A plague of mice in eastern Australia has escalated into what officials now describe as a ‘decaying body’ crisis, with tens of thousands of rodent carcasses contaminating farmland, water supplies and rural homes. The outbreak, which began in late 2020 following a record wet La Niña season, has now reached a biological tipping point. As mouse populations surge beyond eight million per square kilometre in some areas, natural mortality from starvation and disease is producing vast quantities of decomposing organic matter.
The stench and health hazards are forcing entire communities to abandon properties. The UK’s Animal and Plant Health Agency (APHA) has placed its agricultural science teams on standby to assist with biosecurity, though no formal request has yet been made. This is a disaster of energy and matter flows out of control.
A mouse plague is not a random act of nature.
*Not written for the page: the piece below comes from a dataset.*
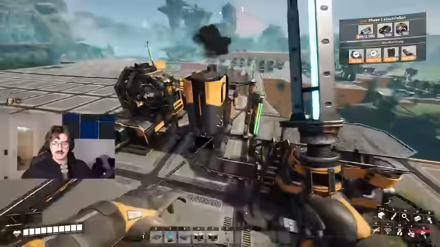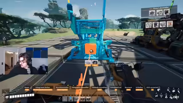 02:21:25Die Spieler starten das Montageprojekt für den Weltraumlift und präsentieren die beeindruckende Konstruktion. Es gibt eine Diskussion über die strategische Vorgehensweise auf der Karte: Soll dezentralisiert gebaut und nur die Endprodukte in die Mitte transportiert werden, oder soll alles Erz zentralisiert gesammelt werden? Der Weltraumlift selbst wird in Phasen gebaut. Die erste Phase, die gerade abgeschlossen wird, erfordert 50 intelligente Beschichtungen, die aus den zuvor hergestellten verstärkten Platten und Rotoren im Fabrikator gefertigt werden. Dieser Bau stellt das große, übergeordnete Ziel der LAN-Party dar.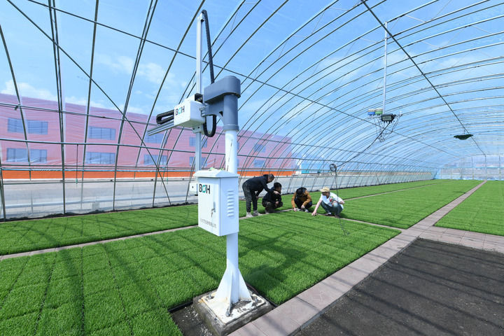 在黑龙江北大荒农业股份有限公司友谊分公司水稻智能育秧中心的水稻育秧大棚中拍摄的智能控温控水管理系统(2024年4月24日摄)。新华社记者 王松 摄

It is a population explosion driven by an excess of food and favourable weather, both of which are linked to a warming climate. Mice breed continuously when conditions are good, producing litters every three weeks.
With grain silos full after a bumper harvest and mild, wet winters eliminating the usual cold die-offs, the population has grown unchecked. Now the system is correcting itself through the least pleasant mechanism available. ‘Decaying body’ is not hyperbole.
The odour of rotting flesh from tens of millions of dead mice in walls, in fields and in water tanks is a public health emergency. The risk of leptospirosis, salmonella and secondary infestations of flies and rats is high. Fires have been sparked by mice chewing through electrical wiring.
This is a collapse scenario in miniature. The UK’s involvement is not yet active, but the fact that APHA is monitoring and prepositioning expertise tells you something about the severity. The same species, Mus musculus, is found across Europe’s grain stores.
A similar combination of mild winters and abundant food could trigger a comparable event in the UK. Our agricultural scientists are therefore on standby to study the population dynamics, the breakdown processes and the long-term soil contamination. It is a scientific readiness for a possible future here.
For the people of New South Wales and Queensland, the present is already unliveable. Farmers are burning their own sheds to stop the spread. Families are sleeping in tents because their homes are infested.
This is not a single weather event but a slow-motion biosphere collapse on a local scale. The underlying driver is a change in the energy balance of the system. More heat, more water vapour, more plant growth, more food for mice.
Then the mice die, and the system recycles that stored energy as decomposition heat, methane and disease vectors. It is a cycle that is both natural and unnatural. Natural in the sense that population crashes follow booms.
Unnatural in the speed and scale driven by human-induced climate change. The solution is not poison. The solution is to break the cycle of bumper harvests and mild winters, which means addressing the root cause of the climate disruption.
In the meantime, we will likely see more such crises. The UK’s agricultural science community stands ready to apply its expertise, but the real work is in reducing the fossil fuel emissions that are heating the planet. Until then, expect more bodies, more stench, more collapse.
The science is clear. The urgency is calm but absolute.